Quantum teleportation is not a novel idea and has been experimentally demonstrated multiple times in the past. However, most previous demonstrations relied on frequency conversion rather than operating natively in the telecommunications band.

Researchers at Nanjing University have recently demonstrated the teleportation of a telecom-wavelength photonic qubit (i.e., a quantum bit encoded in light at the same wavelength as that supporting current communications) to a telecom quantum memory. Their paper, published in Physical Review Letters, may open new possibilities for scalable quantum networks and even the quantum internet.

"Quantum teleportation has always been a fascinating protocol in quantum communication because it allows the transfer of quantum states without exposing any information," senior author Professor Xiaosong Ma told Phys.org. "To further extend the distance of state transmission, incorporating quantum memory into the quantum teleportation system is crucial."

The primary goal of Ma and his colleagues' recent study was to successfully integrate a telecom solid-state quantum memory into a quantum teleportation system, thereby enabling the storage of transmitted quantum information. The main role of this memory is to propagate and store entangled particles (i.e., entanglement distribution) through quantum networks.

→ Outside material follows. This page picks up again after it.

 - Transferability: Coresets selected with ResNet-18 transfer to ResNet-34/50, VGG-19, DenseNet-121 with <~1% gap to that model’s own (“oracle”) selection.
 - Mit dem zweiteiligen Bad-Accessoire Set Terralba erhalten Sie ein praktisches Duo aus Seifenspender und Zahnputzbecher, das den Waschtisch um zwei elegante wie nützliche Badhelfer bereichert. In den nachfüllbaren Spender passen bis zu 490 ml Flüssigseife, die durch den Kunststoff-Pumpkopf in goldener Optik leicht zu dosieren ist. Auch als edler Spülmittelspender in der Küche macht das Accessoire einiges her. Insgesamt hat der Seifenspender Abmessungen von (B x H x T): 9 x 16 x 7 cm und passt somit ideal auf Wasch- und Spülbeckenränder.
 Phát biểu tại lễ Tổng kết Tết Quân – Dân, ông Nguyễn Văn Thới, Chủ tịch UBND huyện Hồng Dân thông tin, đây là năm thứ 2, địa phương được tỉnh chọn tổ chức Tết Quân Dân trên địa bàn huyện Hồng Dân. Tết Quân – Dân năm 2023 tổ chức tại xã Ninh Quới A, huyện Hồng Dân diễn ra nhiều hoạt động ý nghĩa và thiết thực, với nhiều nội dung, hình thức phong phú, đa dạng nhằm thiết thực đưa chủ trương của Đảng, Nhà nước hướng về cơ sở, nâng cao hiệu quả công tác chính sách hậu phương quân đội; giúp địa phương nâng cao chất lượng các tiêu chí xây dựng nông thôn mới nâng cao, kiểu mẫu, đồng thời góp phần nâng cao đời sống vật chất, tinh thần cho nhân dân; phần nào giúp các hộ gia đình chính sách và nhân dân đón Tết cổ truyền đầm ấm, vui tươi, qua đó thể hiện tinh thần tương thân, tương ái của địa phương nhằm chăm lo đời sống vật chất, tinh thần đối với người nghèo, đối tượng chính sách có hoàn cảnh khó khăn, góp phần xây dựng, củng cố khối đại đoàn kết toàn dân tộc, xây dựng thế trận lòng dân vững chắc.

Quantum networks rely on quantum repeaters, devices that break down information transmission distances into shorter, more manageable segments known as basic links. When quantum memories are placed at the ends of these segments, they can store quantum information for a time sufficient to establish entanglement across the entire network segment, enabling longer-distance transmission.

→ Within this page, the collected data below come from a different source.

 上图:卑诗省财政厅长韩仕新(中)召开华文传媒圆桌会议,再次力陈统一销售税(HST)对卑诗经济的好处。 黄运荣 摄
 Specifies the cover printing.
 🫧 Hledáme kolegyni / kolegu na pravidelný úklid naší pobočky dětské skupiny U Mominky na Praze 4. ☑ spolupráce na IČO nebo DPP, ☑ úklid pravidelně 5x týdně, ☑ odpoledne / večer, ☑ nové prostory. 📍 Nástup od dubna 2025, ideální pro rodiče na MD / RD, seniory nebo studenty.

"We used five systems to complete the experiment," Ma explained. "They include input state preparation, an EPR source for generating entangled photon pairs from an integrated photonic chip, Bell-state measurement, and a quantum memory based on an erbium ion ensemble. We also employed frequency distribution and fine-tuning modules based on FP cavity and PDH technology."

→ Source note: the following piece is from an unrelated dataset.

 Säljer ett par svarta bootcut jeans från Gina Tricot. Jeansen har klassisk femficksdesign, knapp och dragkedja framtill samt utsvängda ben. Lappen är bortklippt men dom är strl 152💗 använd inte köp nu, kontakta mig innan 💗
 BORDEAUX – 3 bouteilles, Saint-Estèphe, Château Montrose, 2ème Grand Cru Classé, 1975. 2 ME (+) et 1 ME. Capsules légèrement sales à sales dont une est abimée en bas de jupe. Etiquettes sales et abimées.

The latest research by Ma and his colleagues shows that quantum information can be transmitted through networks using devices and light wavelengths compatible with current communication systems. The team's demonstration of quantum teleportation is expected to advance the development of quantum networks and contribute to the future realization of a reliable quantum internet.

Professor Ma added: "Our study demonstrates, for the first time, quantum teleportation from a telecom photon to a solid-state quantum memory based on erbium ions. All components in our system are perfectly compatible with existing optical fiber networks. This telecom-compatible platform for generating, storing, and processing photonic quantum states provides a highly promising approach for large-scale quantum networks."

As part of their next research efforts, the team plans to focus on improving the performance of the erbium-ion solid-state memory used in the experiment. More specifically, they aim to extend its storage time and increase its efficiency in storing quantum information.